What is required
Type the listing below out again exactly. No images.

Recorded data

──────────

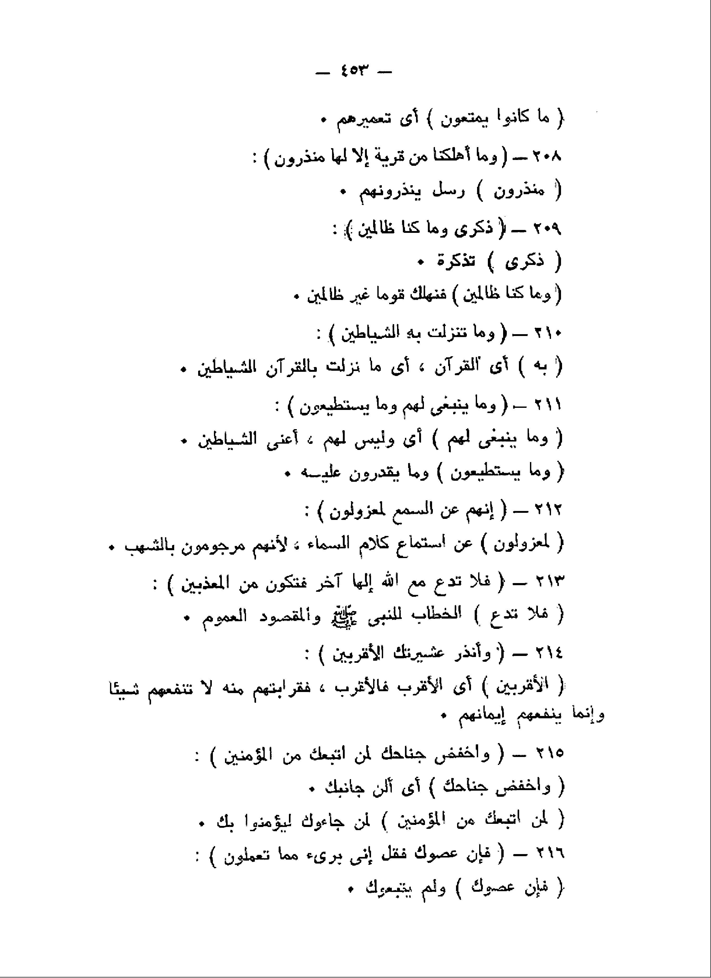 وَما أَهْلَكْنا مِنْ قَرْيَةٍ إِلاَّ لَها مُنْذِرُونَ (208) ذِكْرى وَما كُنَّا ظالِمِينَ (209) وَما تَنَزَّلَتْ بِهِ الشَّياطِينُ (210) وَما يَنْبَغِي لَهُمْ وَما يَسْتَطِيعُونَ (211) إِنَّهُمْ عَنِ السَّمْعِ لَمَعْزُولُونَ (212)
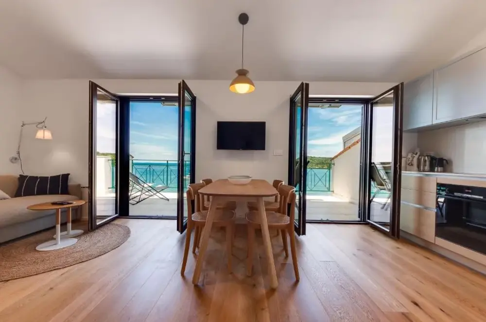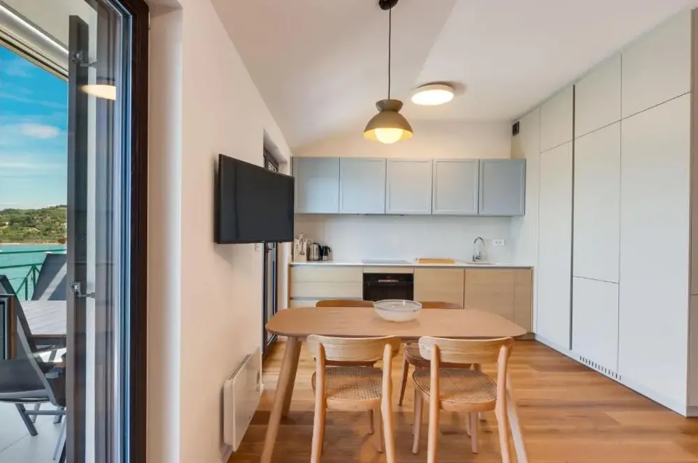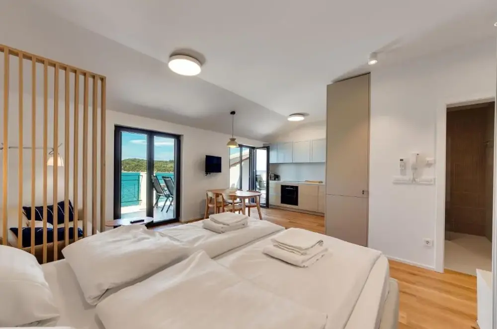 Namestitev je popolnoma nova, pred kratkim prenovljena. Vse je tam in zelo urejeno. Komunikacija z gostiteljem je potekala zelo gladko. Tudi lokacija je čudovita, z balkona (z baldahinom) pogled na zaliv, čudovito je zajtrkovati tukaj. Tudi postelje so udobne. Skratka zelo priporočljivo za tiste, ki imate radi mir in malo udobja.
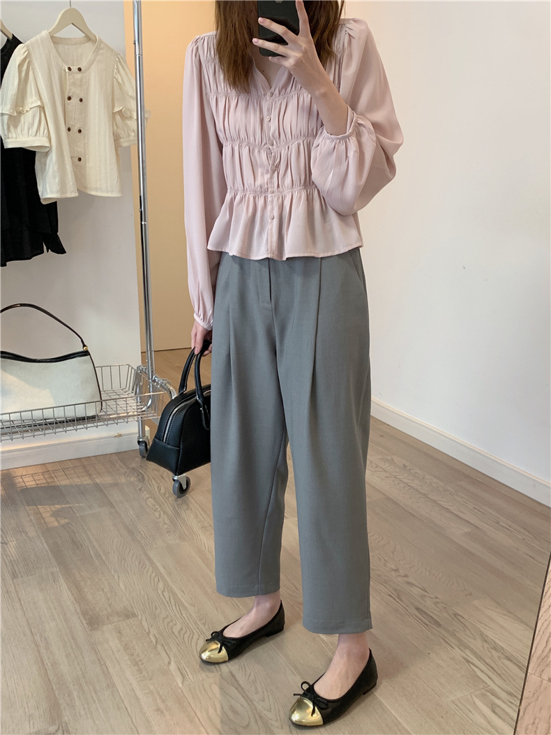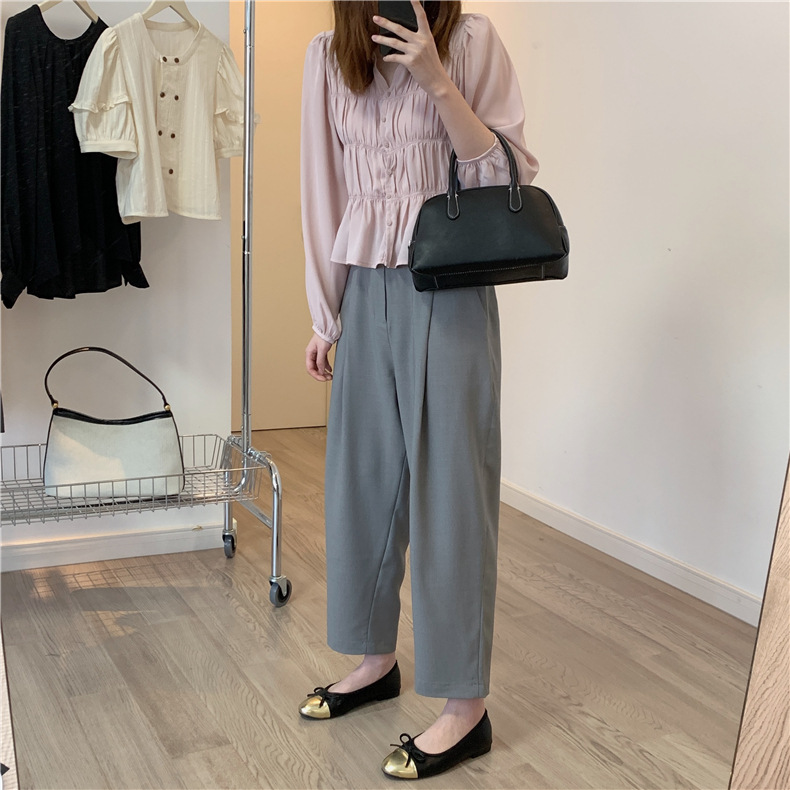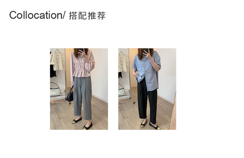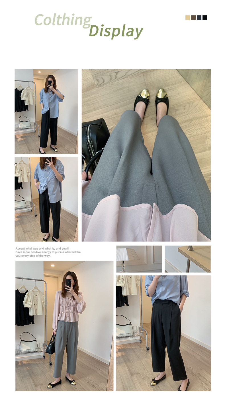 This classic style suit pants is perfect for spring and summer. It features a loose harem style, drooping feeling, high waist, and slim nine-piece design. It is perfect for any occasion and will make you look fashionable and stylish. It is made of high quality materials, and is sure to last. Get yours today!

──────────

Response below
 وَما أَهْلَكْنا مِنْ قَرْيَةٍ إِلاَّ لَها مُنْذِرُونَ (208) ذِكْرى وَما كُنَّا ظالِمِينَ (209) وَما تَنَزَّلَتْ بِهِ الشَّياطِينُ (210) وَما يَنْبَغِي لَهُمْ وَما يَسْتَطِيعُونَ (211) إِنَّهُمْ عَنِ السَّمْعِ لَمَعْزُولُونَ (212)
 Namestitev je popolnoma nova, pred kratkim prenovljena. Vse je tam in zelo urejeno. Komunikacija z gostiteljem je potekala zelo gladko. Tudi lokacija je čudovita, z balkona (z baldahinom) pogled na zaliv, čudovito je zajtrkovati tukaj. Tudi postelje so udobne. Skratka zelo priporočljivo za tiste, ki imate radi mir in malo udobja.
 This classic style suit pants is perfect for spring and summer. It features a loose harem style, drooping feeling, high waist, and slim nine-piece design. It is perfect for any occasion and will make you look fashionable and stylish. It is made of high quality materials, and is sure to last. Get yours today!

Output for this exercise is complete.